Structure : Data subtags

The Structure tag supports Data subtags. Each data tag represents one property of the structure or class. The data tags are explained in more detail in the section on packets.

Structure : Code subtags

The Structure tag supports Code subtags. Each code tag represents verbatim code that is inserted in either the encode or decode function. In most cases the code tags are not needed, but they can be useful in some cases to express behaviors that cannot be defined using ProtoGen's normal encoding rules.

Code subtag attributes:

  • encode : A verbatim code snippet that is inserted in the encode function for C language outputs.
  • decode : A verbatim code snippet that is inserted in the decode function for C language outputs.
  • encode_cpp : A verbatim code snippet that is inserted in the encode function for C++ language outputs.
  • decode_cpp : A verbatim code snippet that is inserted in the decode function for C++ language outputs.
  • comment : A one line comment above the code snippet.
  • include : The name of a file to #include in the source code of the function that contains the structure encoding/decoding functions. This is useful to support calling external functions from the Code subtag.

Packet tag

The Packet tag is used to define all the code to encode and decode one packet of information. A packet is a superset of a structure. It has all the properties of a structure, and has other capabilities.

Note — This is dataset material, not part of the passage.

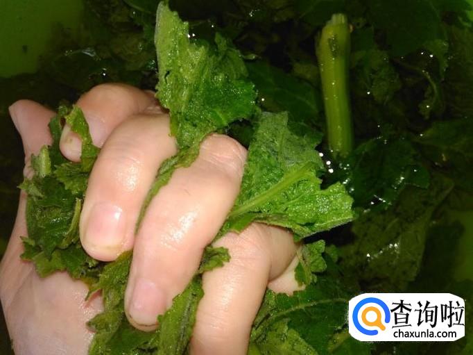 再用手把叶子抓软,捞上篮子。

<Packet name="ThrottleSettings" ID="THROTTLESETTINGS"
        comment="Change the throttle control settings. The engine control
                 laws output a throttle command signal from 0 to 1. The
                 data in this packet are used to determine what pulse width
                 to send to the servo for that throttle. The throttle to pulse
                 width mapping can be a straight line, or a linearly interpolated
                 table with up to 10 points.">

Packet tag attributes beyond Structure tag attributes:

  • ID : gives the identifying value of the packet. This can be any resolvable string, though typically it will be an element of an enumeration. If the ID attribute is missing the all-caps name of the packet is used as the ID. In some cases multiple packets may be identical except for the identifier. It is possible to simply define multiple packets in the XML, however a better solution is to specify multiple identifiers by using spaces or commas to delimit the identifers in the ID attribute. If multiple identifiers are given the encode function is changed so the caller provides the desired id. In addition the decode function is changed so that any of the given identifiers can be used for a successful packet decode.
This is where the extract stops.